亲爱的程序员和统计员,
我想知道当使用包cforest()
中的函数party
时,我们如何检索(或计算)R ^ 2。来自同名包的函数randomForest()
返回确定系数,而cforest()
则不然。我在这里阅读https://stats.stackexchange.com/questions/7357/manually-calculated-r2-doesnt-match-up-with-randomforest-r2-for-testing,使用包randomForest()
中的以下公式计算R ^ 2:
R2<-1 - sum((y-predicted)^2)/sum((y-mean(y))^2) # y is the actual value
然而,当我比较来自randomForest()
和cforest()
的R ^ 2时,我发现了一个巨大的差异:
#### Minimal reproducible example ####
### Vectors ###
ARTICLE<-c("Yes", "Yes", "No", "Yes", "No", "No",
"Yes", "No", "No", "No", "No", "No", "Yes", "No", "Yes", "No", "No", "No", "No", "No", "No", "No",
"No", "No", "No", "No", "No", "No", "No", "No", "Yes", "No", "No", "No", "No", "No", "No", "No",
"No", "No", "No", "No", "No", "No", "No", "No", "No", "No", "No", "No", "No", "No", "No", "No",
"No", "No", "No", "No", "No", "No", "No", "No", "No", "No", "No", "No", "No", "No", "No", "No",
"Yes", "No", "No", "No", "No", "No", "No", "No", "No", "No", "No", "No", "No", "No", "No", "No",
"No", "No", "No", "No", "No", "No", "Yes", "No", "No")

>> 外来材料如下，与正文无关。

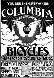They also served to teach the industrial models later adopted, including mechanization and mass production (later copied and adopted by Ford and General Motors),[81][82][83] vertical integration[82] (also later copied and adopted by Ford), aggressive advertising[84] (as much as 10% of all advertising in U.S. periodicals in 1898 was by bicycle makers),[85] lobbying for better roads (which had the side benefit of acting as advertising, and of improving sales by providing more places to ride),[83] all first practiced by Pope.[83] In addition, bicycle makers adopted the annual model change[81][86] (later derided as planned obsolescence, and usually credited to General Motors), which proved very successful.[87]
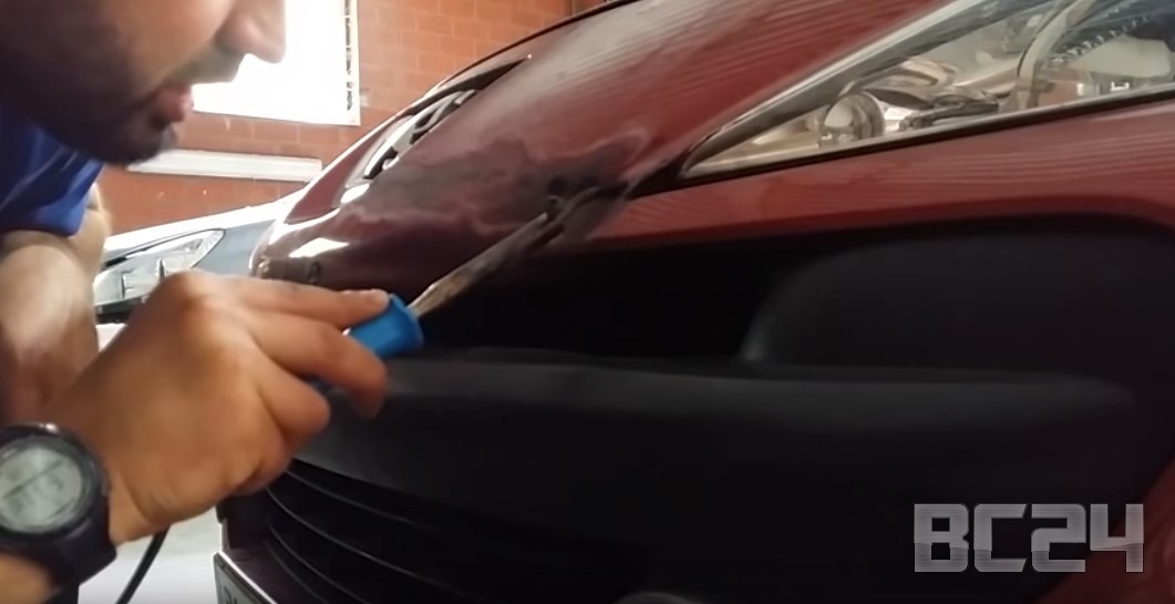 Ровняем бампер, чтобы расплавленный пластик от нашей пайки был идеально гладкий и ровный.

COMPSYNT<-c("NP", "NP", "DetPoss", "NP", "NP", "NP", "NP", "NP", "NP",
"NP", "NP", "NP", "PronPers", "NP", "PronForm", "NP", "NP", "NP", "PronForm", "NP", "PronForm", "NP", "PronForm", "PronForm",
"NP", "PronPers", "PronForm", "NP", "DetPoss", "NP", "PronForm", "NFClau", "PronForm", "NP", "NP", "NP", "PronForm", "PronForm", "PronForm",
"NP", "NP", "NP", "PronForm", "PronForm", "NP", "NP", "PronForm", "PronForm", "NP", "PronForm", "PronForm", "NP", "NFClau", "NP",
"PronForm", "NP", "NP", "NP", "NP", "NP", "NP", "PronForm", "PronForm", "NP", "NP", "NP", "PronForm", "NP", "PronForm",
"NP", "PronForm", "NFClau", "PronForm", "NP", "NP", "NFClau", "PronForm", "NP", "NP", "NP", "PronForm", "PronForm", "PronForm", "NP",
"PronForm", "NP", "NP", "PronForm", "PronForm", "PronForm", "NP", "PronForm", "PronPers", "NP", "NP")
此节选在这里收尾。